Once again: Taking the long view, the authentic national objective in health policy is health care for all Americans, not “health insurance” for all. Insurance is a means to an end –- facilitating health care, theoretically -– rather than an end in itself. An historic combination of industry consolidation and laissez-faire public policy has made the insurance companies the gatekeepers to health care, but “health insurance” does not actually substitute for health care any more than “job training” substitutes for jobs.

Bad faith practices — easily perceived as such by the man on the street who “chooses” not to submit an insurance claim because he doesn’t want his premiums raised afterward — include denying claims unreasonably; delaying or refusing reasonable settlement; refusing to pay promptly; failing to handle claims fairly; refusing to provide coverage; and unreasonable policy cancellations.

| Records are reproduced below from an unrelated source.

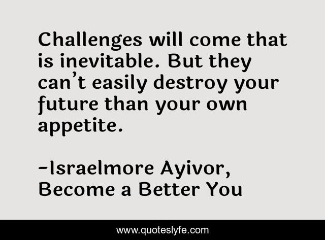 This page presents the quote "Challenges will come that is inevitable. But they can’t easily destroy your future than your own appetite.". Author of this quote is Israelmore Ayivor, Become a Better You. This quote is about enjoy, inspirations, challenges, optimistic, appetite, food-for-thought, positive, israelmore-ayivor, limitations,.
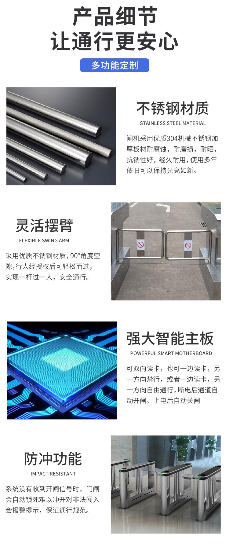 信息显示:多种指示显示功能(通道出入指示灯、LED信息显示屏(选配)、状态灯)。
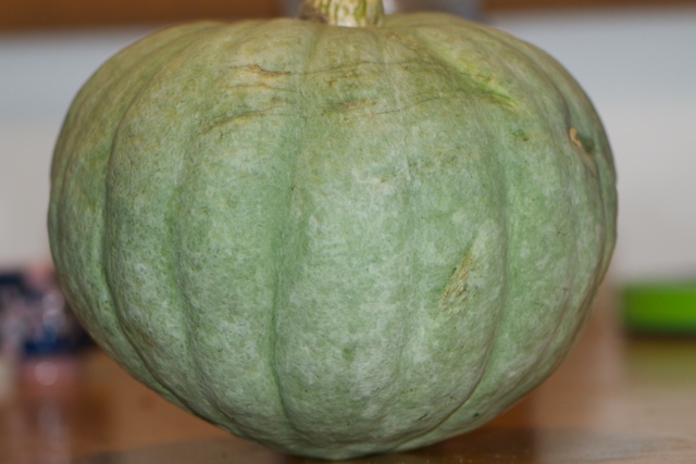 | これが貫禄のある3.3kgの白カボチャ。 えびすカボチャにも似ているが若干栗カボチャにも似ている。 収穫した他の白カボチャはお裾分け。このカボチャだけを我が家用に残している。 |
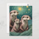 Momma Poppa and Baby Otter in the Ocean Postcard
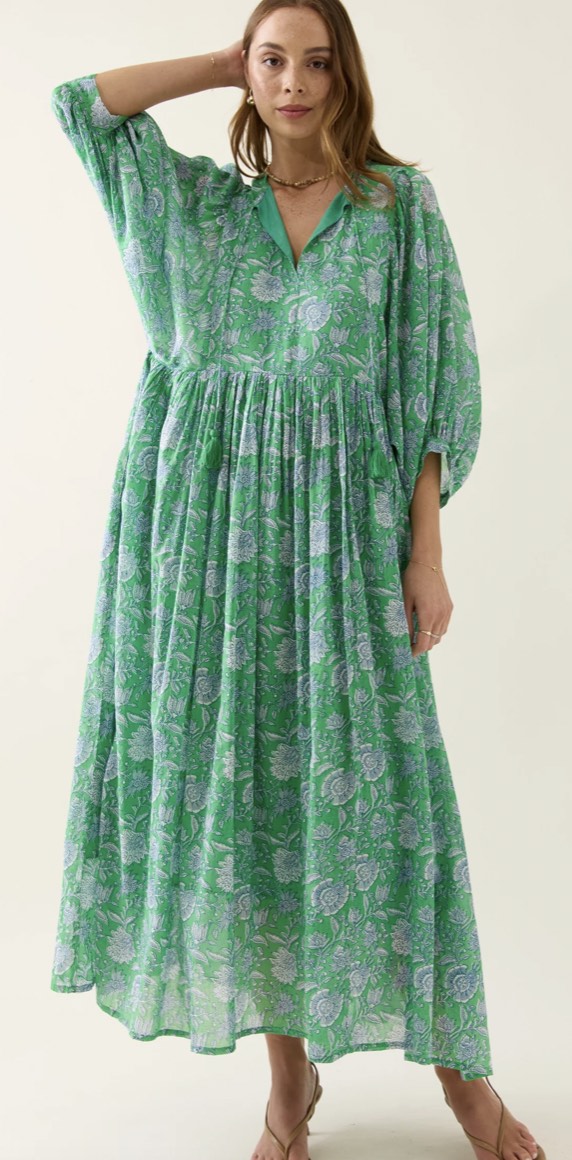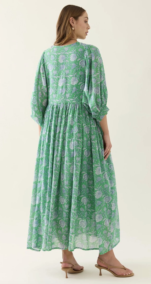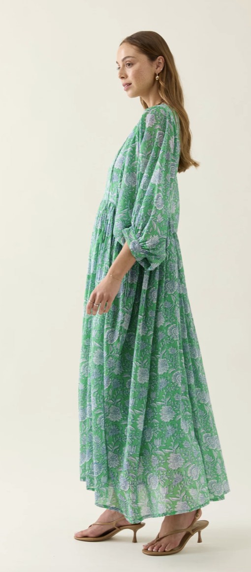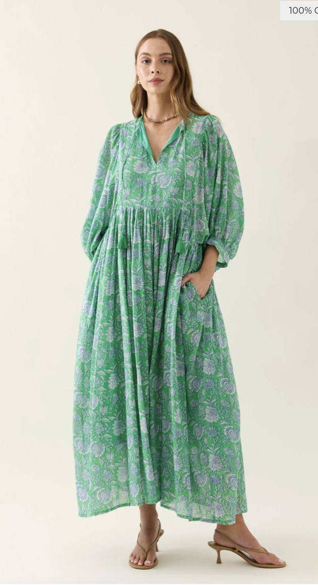 Made from lightweight, hand screen-printed cotton voile, the Wilma Maxi brings softness and ease to your summer wardrobe. Inspired by floral hand-block and featuring a V-neckline, tassel ties, gathered waist and full-length hem. Fully lined for comfort and ready to wear.
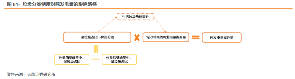 ⑤由垃圾分類導致的噸發提升量:據《深圳市生活垃圾分類對垃圾焚燒影響的研究》相關內容,我們推算出當濕垃圾在入爐垃圾中的占比降低1pct時,噸垃圾發電量可以提升2.2-3.0Kwh,保守假定濕垃圾占比下降1pct會帶來噸發電量提升2.2Kwh。
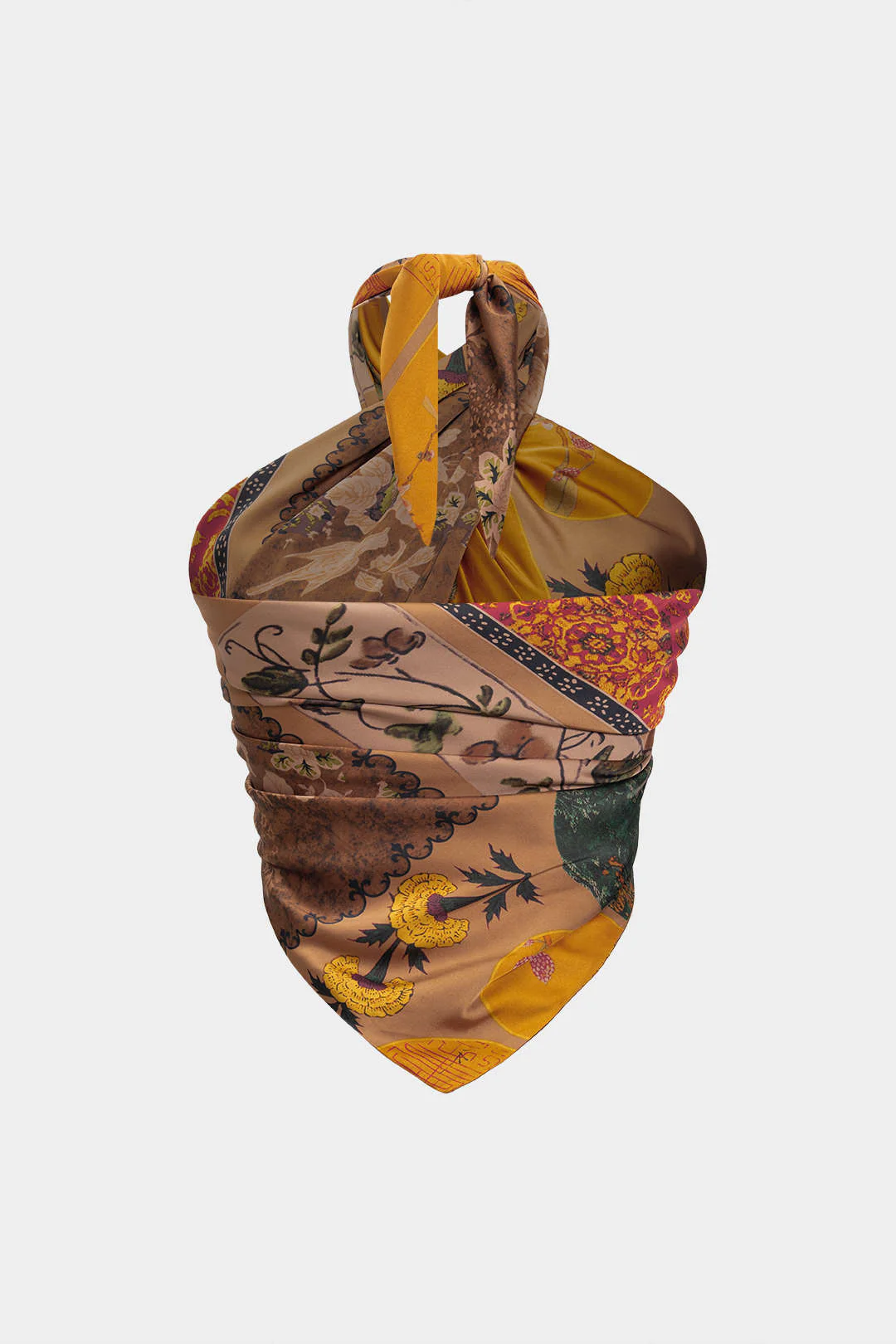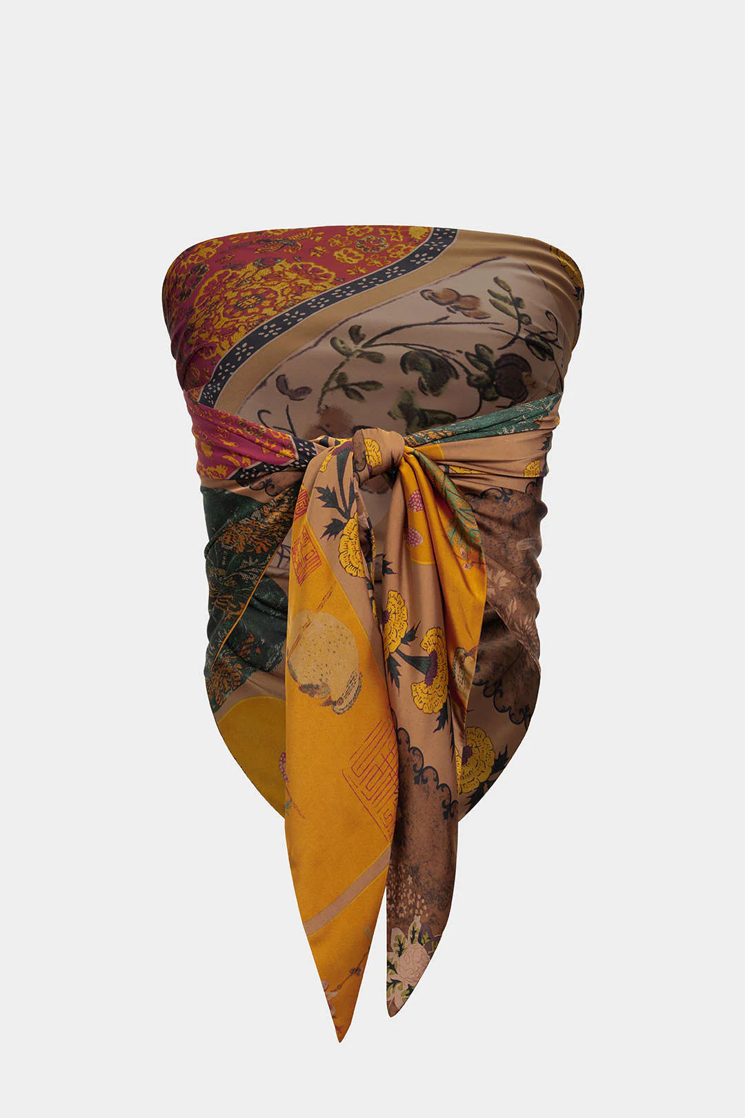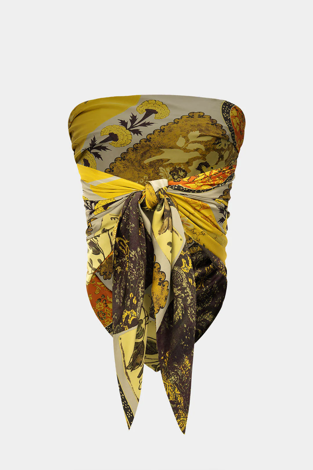 Retro Patterned Satin Tie-Up Tube Top
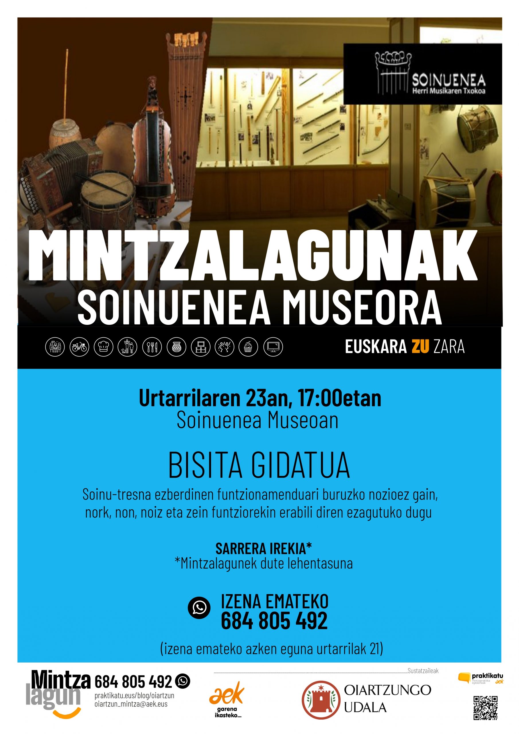 Datorren ostiralean, urtarrilak 23, Soinuenea Museora bisita egingo dugu. Bertan, soinu-tresna ezberdinen funtzionamenduaz gain, haien erabilera eta funtzioa ezagutuko ditugu. Hitzordua 17:00etan izango da, Museoan…
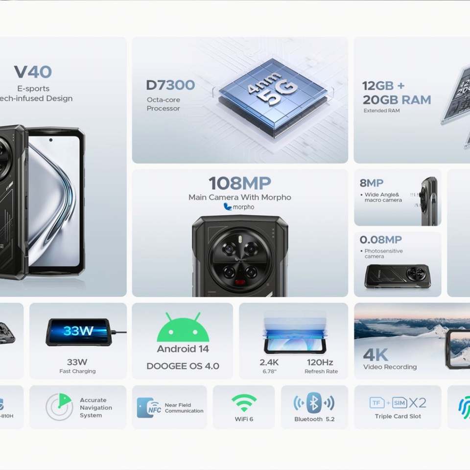 ดูจี V40สมาร์ทโฟนที่ทนทาน12 + 512GB 5G, โทรศัพท์มือถือ NFC รุ่นปลดล็อคทั่วโลกฟังก์ชั่นการมองเห็นกลางคืน108MP V40หลัก8680mAh

There is the unsavory practice of “post-claim underwriting” — finding a reason to cancel the policy when the customer submits a claim, via examination the company did not make when the policy was issued. And then there are retaliatory rate increases, or just simply recouping any payout by raising the insurance premium afterward, as mentioned.

Under the previous administration, our DOJ was MIA regarding insurance-sector abuses. While fraud against insurance companies — and against Medicare — by customers has been extensively prosecuted, bad faith actions — delay, deny, defend — by insurance companies against customers have been little prosecuted as fraud by the feds. The Bush Justice Department’s aggressive pursuit of (individual) insurance fraud instead of insurance company bad faith, indeed, paralleled its aggressive pursuit of bogus ‘voter fraud’ instead of the genuine problem of election fraud.

Back to our young people: Young people are not always healthy. They also incur risks of injury, etc. But as a group, young adults would be a viable population for genuine spread-the-risk coverage. If we cannot make risk actuarily manageable for the healthiest cohort in our population, then perhaps we would do well to jettison the concept of ‘insurance’ altogether, agree to send everyone to the doctor as needed, and figure out how to do so.

Meanwhile, one further advantage to expanding Medicare to mostly healthy young people is that it would mitigate the insurance sector practice of pushing off the worst cases onto the public rolls.

In political terms, a major advantage to expanding Medicare is that it does NOT require 60 votes in the Senate. Not to reduce this issue to narrowly partisan politics, Democrats in office ignore insurance bad faith at their political peril. The big political trap for President Obama is Bush policies.